**Work to complete:** What needs reproducing is the run of lines in the data below starting at the line with "Foto: Perfil del" and ending at the line with "Bu e-posta imzası, Intecro", both ends included. Copy it exactly, without pictures, and add nothing.

**Data for processing:**

╭──

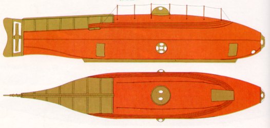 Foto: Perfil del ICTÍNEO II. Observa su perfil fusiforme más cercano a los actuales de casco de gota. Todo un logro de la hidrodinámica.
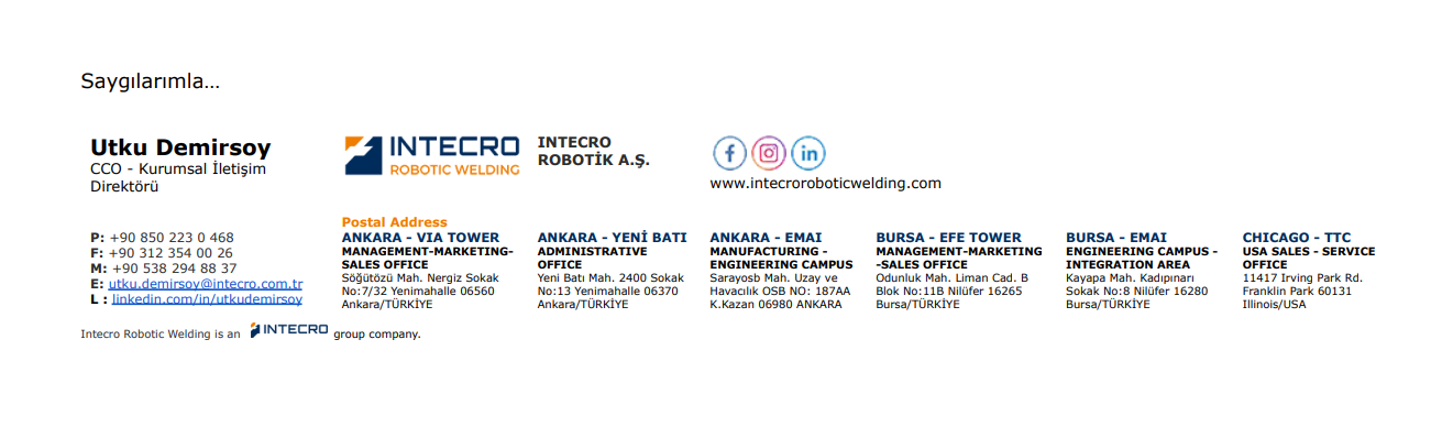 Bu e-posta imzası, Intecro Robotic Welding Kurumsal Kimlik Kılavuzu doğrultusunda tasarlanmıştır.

╰──
╭──

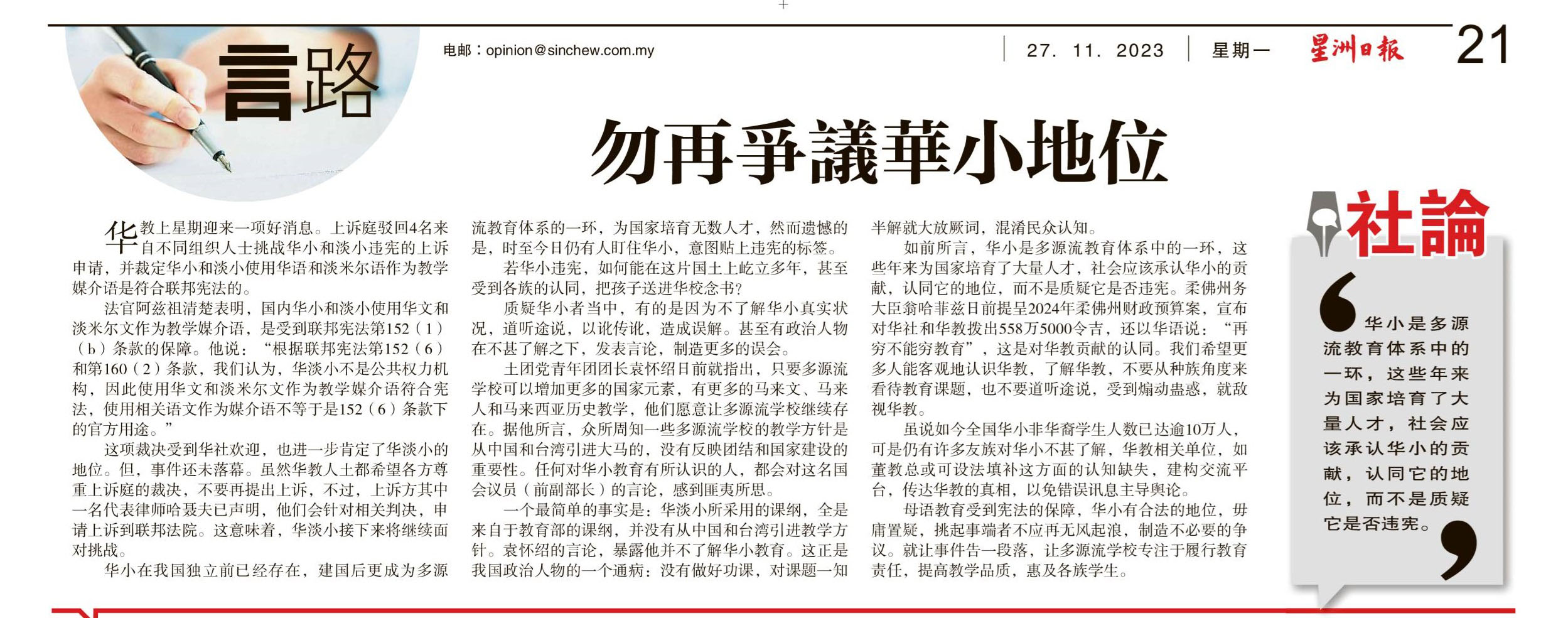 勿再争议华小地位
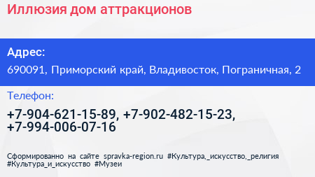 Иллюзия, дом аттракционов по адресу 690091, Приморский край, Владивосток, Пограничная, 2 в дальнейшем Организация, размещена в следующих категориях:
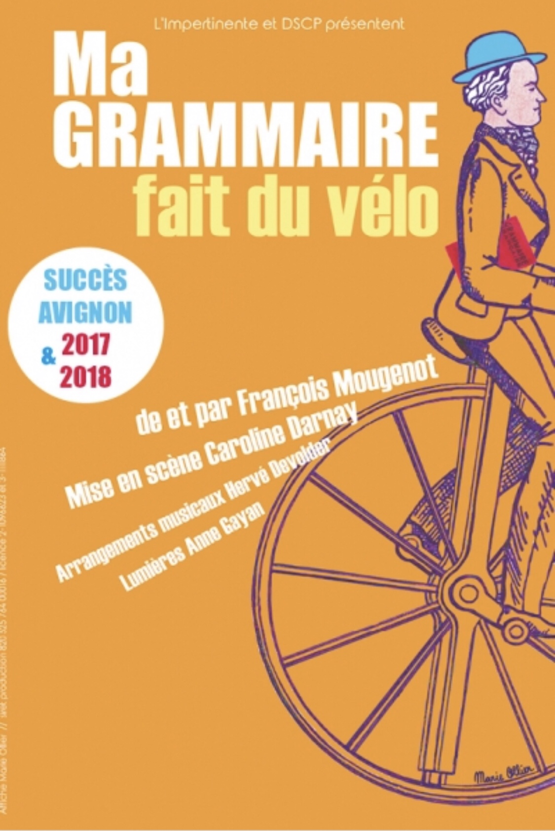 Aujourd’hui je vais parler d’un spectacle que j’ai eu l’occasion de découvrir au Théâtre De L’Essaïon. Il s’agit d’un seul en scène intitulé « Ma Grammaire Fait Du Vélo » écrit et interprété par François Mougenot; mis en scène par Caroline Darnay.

╰──

**Exercise solution:**
 Foto: Perfil del ICTÍNEO II. Observa su perfil fusiforme más cercano a los actuales de casco de gota. Todo un logro de la hidrodinámica.
 Bu e-posta imzası, Intecro Robotic Welding Kurumsal Kimlik Kılavuzu doğrultusunda tasarlanmıştır.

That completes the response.